───── Listed entries

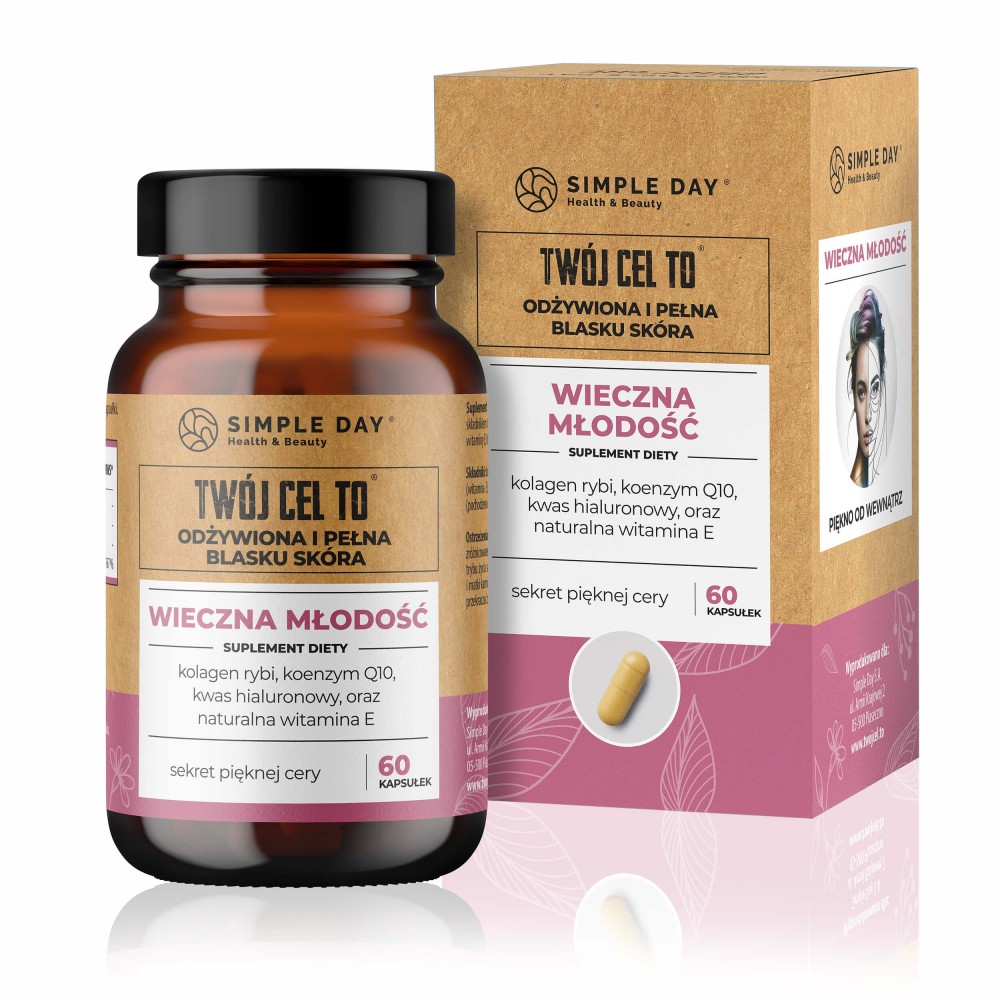 Wieczna Młodość od Twój Cel To to kompleksowy suplement diety, który łączy kolagen rybi, kwas hialuronowy, koenzym Q10 i witaminę E – cztery składniki tworzące wewnętrzną tarczę piękna.
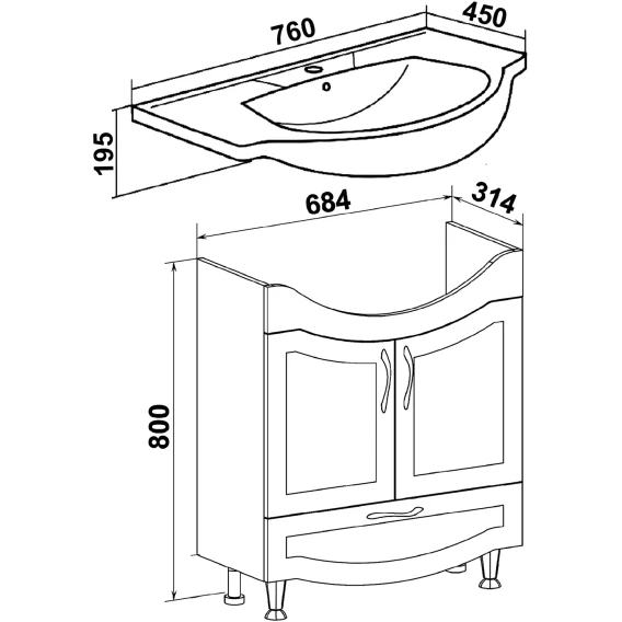 Тумба белый 68,4 см Runo Неаполь 00-00001034
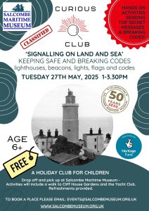We’ll start at the museum using models, handling objects and engaging with a talk by our Chairman, Roger Barrett. Then, we’ll be venturing over Cliff House gardens and Salcombe Yacht Club to try out some of these methods, through games. We’ll be working in teams to send each other safety messages, distress signals and break some TOP SECRET codes.
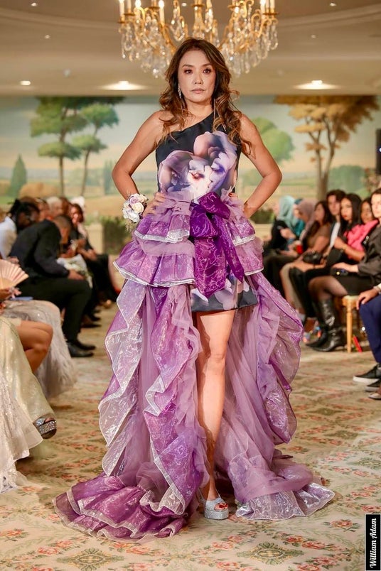 モンテカルロファッションウィークでMAMI OKANOのドレスを着てランウェイを歩くKIKO(elite JAPAN所属)
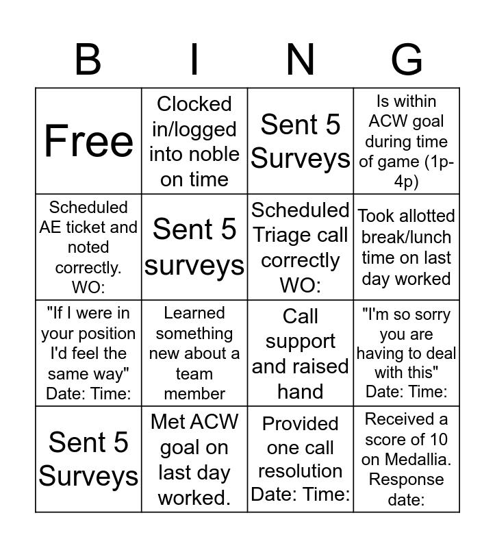This bingo card has 16 words: Met ACW goal on last day worked., "I'm so sorry you are having to deal with this" Date: Time:, Sent 5 Surveys, Free, "If I were in your position I'd feel the same way" Date: Time:, Clocked in/logged into noble on time, Call support and raised hand, Provided one call resolution Date: Time:, Scheduled AE ticket and noted correctly. WO:, Sent 5 surveys, Sent 5 Surveys, Is within ACW goal during time of game (1p-4p), Learned something new about a team member, Took allotted break/lunch time on last day worked, Scheduled Triage call correctly WO: and Received a score of 10 on Medallia. Response date:.

──────────

▶ [Required work]: A precise copy of each record, with the images removed, should be output.

▶ [Exercise response]:
 Wieczna Młodość od Twój Cel To to kompleksowy suplement diety, który łączy kolagen rybi, kwas hialuronowy, koenzym Q10 i witaminę E – cztery składniki tworzące wewnętrzną tarczę piękna.
 Тумба белый 68,4 см Runo Неаполь 00-00001034
We’ll start at the museum using models, handling objects and engaging with a talk by our Chairman, Roger Barrett. Then, we’ll be venturing over Cliff House gardens and Salcombe Yacht Club to try out some of these methods, through games. We’ll be working in teams to send each other safety messages, distress signals and break some TOP SECRET codes.
 モンテカルロファッションウィークでMAMI OKANOのドレスを着てランウェイを歩くKIKO(elite JAPAN所属)
This bingo card has 16 words: Met ACW goal on last day worked., "I'm so sorry you are having to deal with this" Date: Time:, Sent 5 Surveys, Free, "If I were in your position I'd feel the same way" Date: Time:, Clocked in/logged into noble on time, Call support and raised hand, Provided one call resolution Date: Time:, Scheduled AE ticket and noted correctly. WO:, Sent 5 surveys, Sent 5 Surveys, Is within ACW goal during time of game (1p-4p), Learned something new about a team member, Took allotted break/lunch time on last day worked, Scheduled Triage call correctly WO: and Received a score of 10 on Medallia. Response date:.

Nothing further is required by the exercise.